While shares have recovered somewhat from its recent low following an analyst downgrade, they are still nearly 8% lower YTD, but the company is certainly not standing still. In addition to upside potential, the shares offer attractive option premiums and an upcoming dividend that’s well ahead of that offered by its one time parent.
I’m not much of a video gamer even though I can get easily get sucked in by useless activities of a repetitive nature. My guess is that a combination of lack of skill, lack of attention span and allegiance to pinball have kept me indifferent to much of the last 25 years of home entertainment.
This week, however, GameStop (NYSE:GME) and Activision (NASDAQ:ATVI) have my attention.
I was actually happy to see my shares of GameStop get assigned this past week ahead of earnings this week. The timing was good as its generous dividend was captured without having to think about the risk of its upcoming earnings.
GameStop is a company that many have written off for years, pointing toward its paleolithic business model, the challenges of brick and mortar as well as streaming competition and the always large short interest looming over shares.
But somehow it continues to confound everyone.
With shares about 10% higher in March the option market is implying a price move of 7.8% upon earnings release.
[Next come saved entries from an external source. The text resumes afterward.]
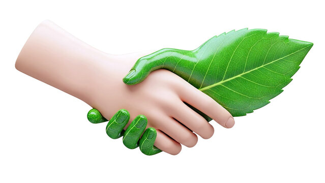 Eco-friendly handshake with leaf hands
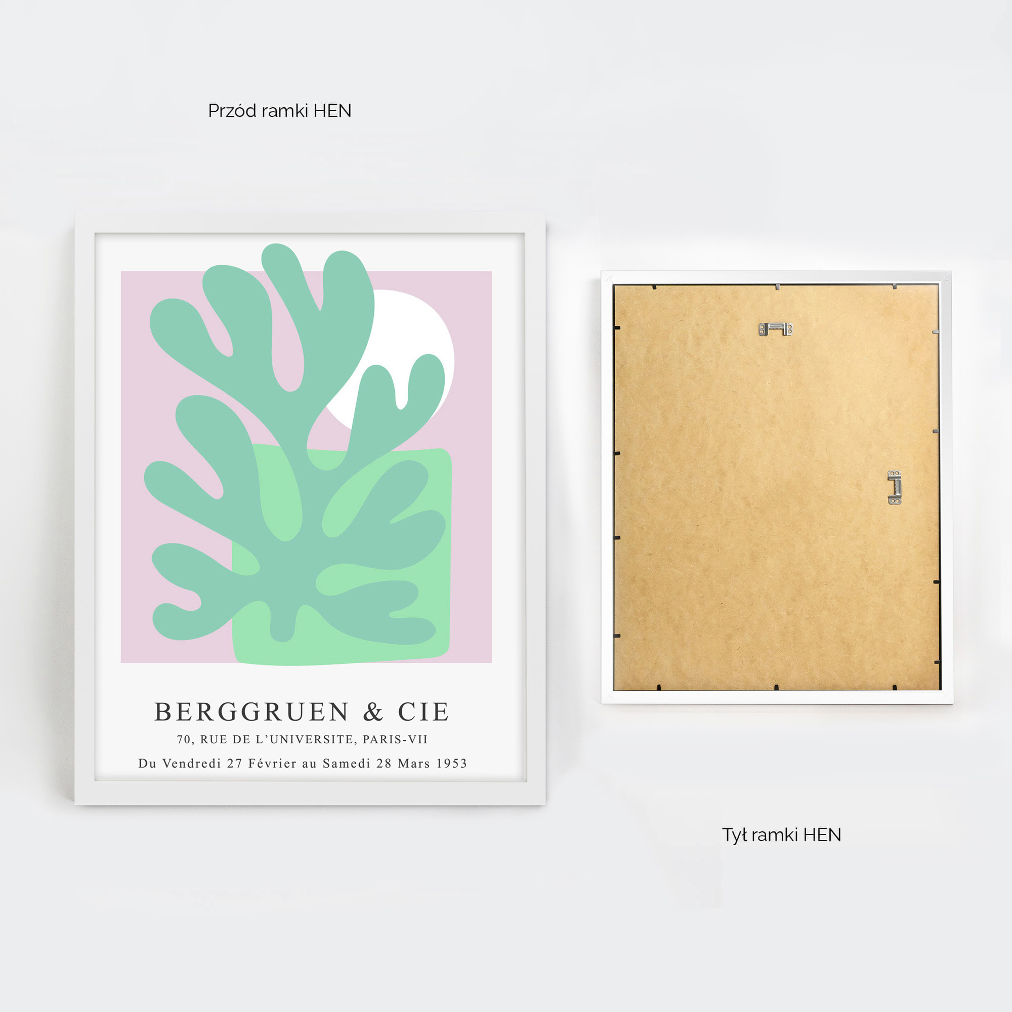 Charakterystyka białej ramki HEN 1 w rozmiarze 40x50 cm::
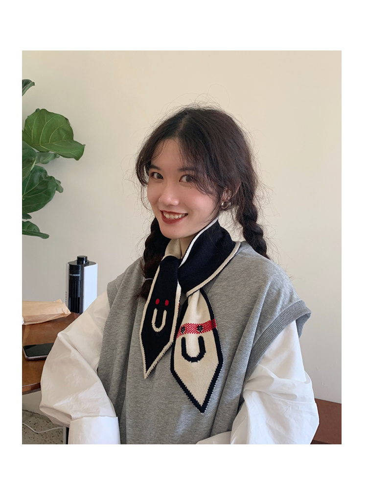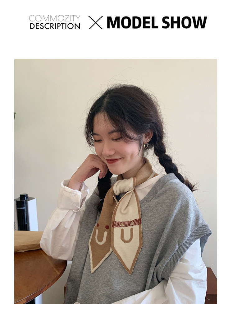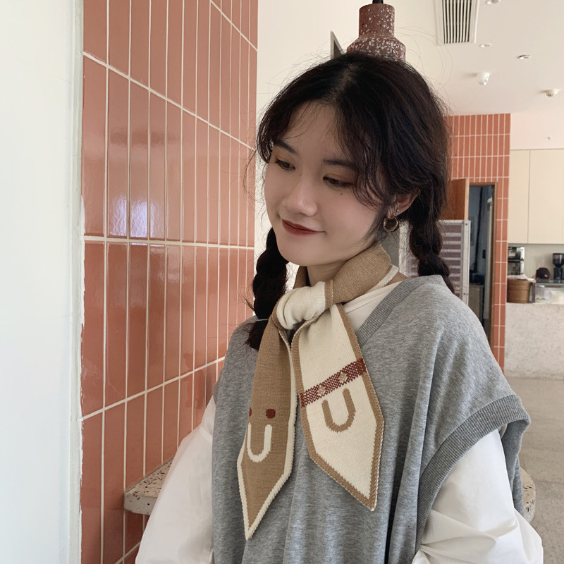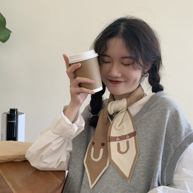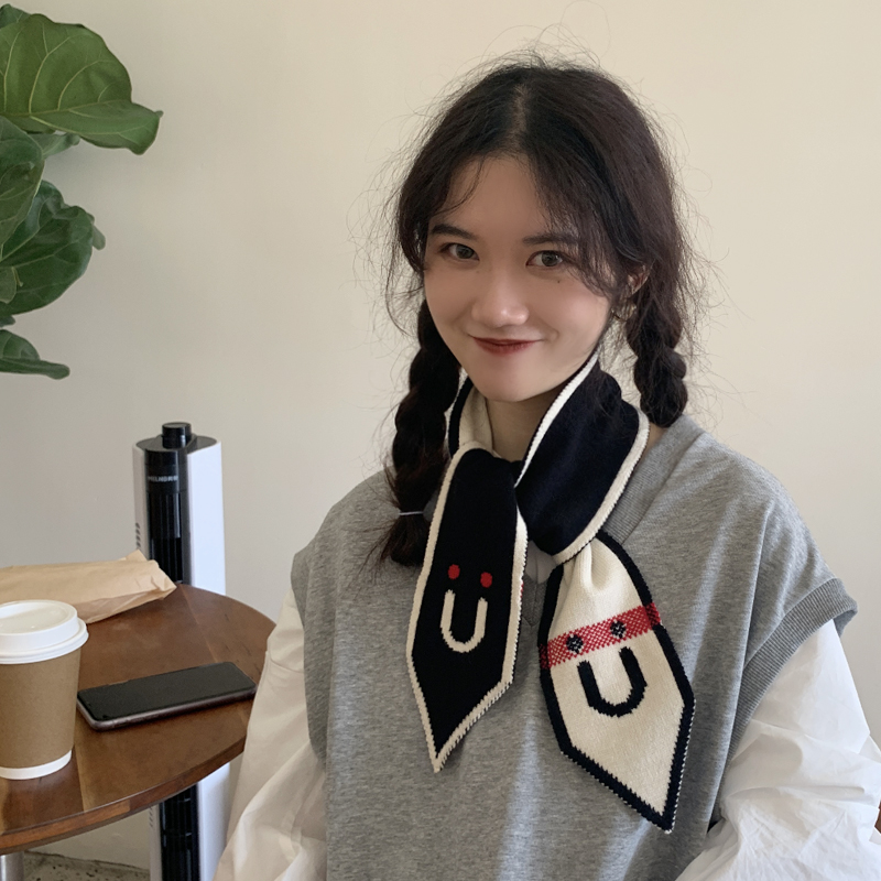 Демисезонный трикотажный короткий милый удерживающий тепло тонкий японский универсальный шарф
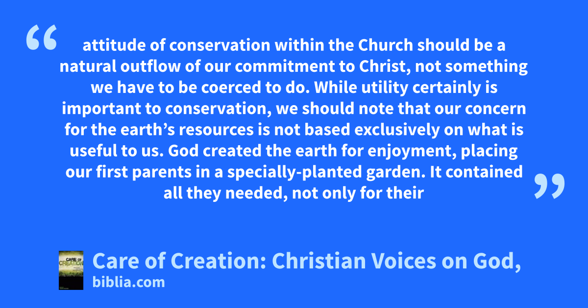 attitude of conservation within the Church should be a natural outflow of our commitment to Christ, not something we have to be coerced to do. While utility certainly is important to conservation, we should note that our concern for the earth’s resources is not based exclusively on what is useful to us. God created the earth for enjoyment, placing our first parents in a specially-planted garden. It contained all they needed, not only for their
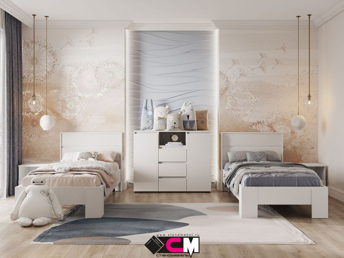 Цена за комплект на фото: КР 01 Кровать (2 шт), КМ 01 Комод, ТБ 01 Тумба прикроватная (2 шт)

Meanwhile a 1% ROI may be able to be obtained even if shares fall almost 10% following the news. As with eBay, GameStop is a company that I wouldn’t mind owning if puts were at risk of being assigned. However, I’d be much more willing to sell puts if there was some price weakness heading into earnings. Otherwise, I would wait until after earnings and again consider the sale of puts in the event of a large price drop.
The last time I purchased Activision was after its own large price drop following earnings this past February when the company announced record earnings but provided weak forward guidance.
Shares, however, recovered quickly as Activision announced a large share buyback and increased dividend. Since then the shares have been trading in a fairly tight range and they are ex-dividend this week.
That dividend, however, is an annual one and on that basis is paltry. However, if shares end up being a short term holding the dividend yield can be very attractive, especially taken together with the option premiums available when selling calls.
Finally, LuLuLemon (NASDAQ:LULU) reports earnings this week and appears to be back in favor with shoppers as the company appears to be sufficiently distanced from its founder. Time may have been the best of all remedies to their particular problem as shares have shown great recovery.
The option market is implying an earnings related move of 8% and a 1% ROI may be able to be obtained when selling puts at a strike level 10.1% below Friday’s closing price. In the past, LuLuLemon has had some very significant earnings moves, with 15-20% moves not being out of the norm.
However, unlike a number of other stocks mentioned this week, LuLuLemon had nicely out-performed the S&P 500 over the past 7 trading sessions. For that reason I would be inclined to wait until after earnings are released and would consider either a sale of puts or a buy/write in the event of a large price drop.
Traditional Stocks: AbbVie, DuPont, eBay
Momentum Stocks: none
Double Dip Dividend: Activision (3/26), Dow Chemical (3/27)
Premiums Enhanced by Earnings: GameStop (3/26 PM), LuLuLemon (3/26 AM)
Remember, these are just guidelines for the coming week. The above selections may become actionable, most often coupling a share purchase with call option sales or the sale of covered put contracts, in adjustment to and consideration of market movements. The overriding objective is to create a healthy income stream for the week with reduction of trading risk.